Saturday, August 27, 2011

Little Cottonwood Canyon: Secret Lake and Sugarloaf Road

Distance: About 5 miles in total (a guess)
Elevation Gain: About 1200 ft
Highest Point:  9220 feet at Secret Lake, and about 10200 feet up Sugarloaf Road
Time: About five hours including a lot of stopping, hanging out, and lunch-eating, as well as a walk all the way down the road from the trailhead to the parking lot at Alta.
General Impression:  The scenery is beautiful (lots of wildflowers!) but the crowds were noisy and thick and a bit annoying.  There were LOTS of children.  Note to self: Do not decide to walk back to the car.  It takes way too long and your feet will be tired and you'll regret it!

The day before setting off on this hike, we went to REI and spent 4 hours and lots of dollars on everything we expected we would need for camping.  We made a reservation for Labour Day weekend for our first trip, so we needed to get set up!  That shopping trip included new hiking boots for both Steve and I!  I definitely did not want to continue hiking in my Nike running shoes, and his basque hiking shoes were worn right now.  We both found ourselves some good quality, none-too-cheap Asolos, and for this hike we planned to break them in.  We also brought along our brand new water filter, just to make sure we knew how to use it.

We drove up to Alta ski resort and read a sign that said the parking lot at the Albion Basin was full so we should take the free shuttle.  Not wanting to be left without a parking spot, we parked the car and waited a few minutes for a little white shuttle bus to appear.  Us and a million other people packed onto the bus.  It was so squishy that Steve had to sit on the floor!  There were two ladies having a loud conversation and we were a bit annoyed to have to listen to them for the full ten minute ride up the rest of the way to the trailhead.

The area was truly beautiful.  Amazing wildflowers abounded, we crossed a few little streams, and the views of the valley were striking.  We were stuck just ahead of those annoyingly loud ladies, so we headed off to a viewpoint to let them pass.  While we were admiring the view, we heard the young family next to us speaking in Hebrew, so we started chatting with them and talking about the Jewish community in Salt Lake.  There is one, in case you wanted to know, and it's small but present.

After a good twenty minute chat with this family, we kept on going up to Secret Lake.  It was awesome!  The lake reflected the tall mountain peaks above it.  We climbed up onto a tall rock formation and admired the lake and mountains for a while.  Since it had been an easy ascent to the lake, we decided to keep on walking up what I think is called Sugarloaf Road, a wide road underneath an Alta ski lift that lead us up higher into the mountain.  A few mountain bikers sped past us, heading down the road.  There was some kind of re-seeding project going on that we didn't know about or what it was, and some hiker's told us we shouldn't be walking on it.  Good to know!

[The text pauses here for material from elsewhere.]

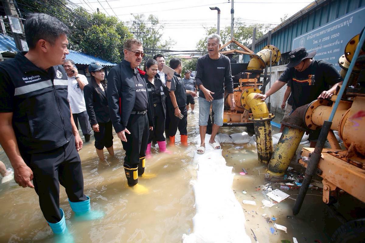 วันที่ 4 พฤศจิกายน 2568 นายสมนึก ธนเดชากุล นายกเทศมนตรีนครนนทบุรี พร้อมด้วยรองนายกเทศมนตรี สมาชิกสภาเทศบาล คณะผู้บริหาร หัวหน้าส่วนราชการ ลงพื้นออกตรวจสถานการณ์น้ำท่วมในพื้นที่หมู่บ้านประชานิเวศน์ 3 ,สถานีสูบน้ำคลองส่วย ,ซอยประชาชื่น 8 ตามชุมชนต่างๆที่มีน้ำท่วมขัง และสถานีสูบน้ำปลายคลองบางเขน เพื่อเร่งแก้ไขปัญหาและสั่งการให้เร่งระบายน้ำในพื้นที่ให้ลดลง จากสถานการณ์ฝนตกหนักในพื้นที่ช่วง 2-3 วันติดต่อกัน ส่งผลให้ปริมาณน้ำทุกคลองเพิ่มสูงขึ้น

After less than an hour more of hiking, we stopped for lunch.  I had brought a little picnic of tomato, cheese, avocado, bread, some tangerines, and trail mix.  It was a delicious lunch, if a bit difficult to cut and prepare without a plate or chopping board.  Next time we'll remember that.

It was getting chilly at the top, so we decided to make our way down.  Once back at Secret Lake we took out our new water filter and gave it a try.  We pumped our Nalgene full of lake water and had a taste.  I guess it tasted pretty good, but I still feel weird drinking lake water.  Our stomachs were fine, I'm happy to report.

We walked all the way down to the trailhead and then Steve said, "hey, why don't we walk back to the car?  It's probably only, like, fifteen more minutes."  I was a bit skeptical about his time estimate, since the bus took a good ten or so minutes to drive that distance, but I agreed.  An hour later, after much complaining and sulking and tired feet and absolutely breathtaking views, we finally arrived at the car.

I fell asleep on the drive home, and we took a soothing hot tub on the rooftop when we got home.  We were both very happy to find our feet blister-free and tired but not sore; it was a great first run of our new boots!

This was definitely a beautiful hike and beautiful area, but I might try another route in the Albion Basin that escapes some of the crowds.  Either that or I would leave earlier in the day for that same reason.